The reasons the compiler is unable to follow the logic:
The typings for the Object.entries() method](https://developer.mozilla.org/en-US/docs/Web/JavaScript/Reference/Global_Objects/Object/entries) and (the Object.keys() method do not restrict the keys of object to just your generic type K. Object types in TypeScript are not "sealed", so objects may have more properties than the compiler knows about. So the compiler only returns string for the key type and unknown for the value type. See Why doesn't Object.keys return a keyof type in TypeScript? for more information.

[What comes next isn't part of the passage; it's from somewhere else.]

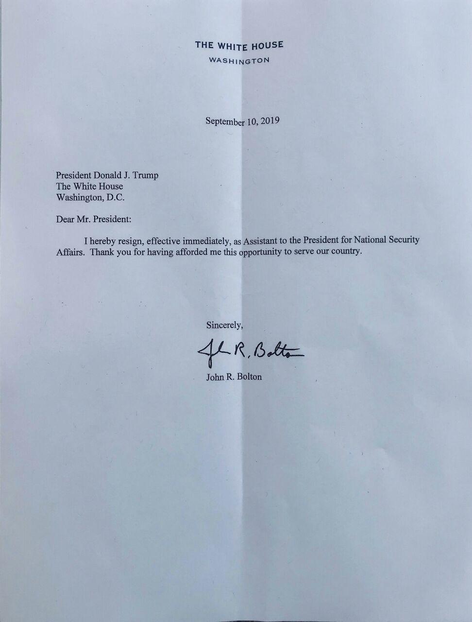 Джон Болтон заявил, что он сам предложил Дональду Трампу подать в отставку. Документ

So some of the errors you're getting is the compiler trying to save you from problems like this:
interface Foo { x: number, y: number, z: number }
const obj = { x: Math.LN2, y: Math.PI, z: Math.E, other: "abc" };
const foo: Foo = obj; // this assignment is okay
const oops = mapObject1(foo, num => num.toFixed(2));
/* const oops: { x: string; y: string; z: string; } */
// 💥 num.toFixed is not a function !!!
The value foo is of type Foo because it's fine for there to be extra properties. But then you hit a runtime error inside your mapping function. In practice this is often a fairly unusual situation, so maybe you're convinced that this is an acceptable risk. If so, use the type assertion and move on. If not, then you will need to rewrite your function to accept an explicit list of keys to transform. But I consider that out of scope for the question as asked.
Even if the compiler knew/thought that Object.keys(object) returned every single key, there's no way for it to understand that looping over these keys and setting a property in the return object will cause the return object to be promoted from a partial object to a full object. Doing so is safe (to the extent that Object.keys() won't miss any required property keys), but verifying that is beyond the compiler's reasoning abilities. See How can i move away from a Partial<T> to T without casting in Typescript for more details. This is a great place to just use a type assertion and move on.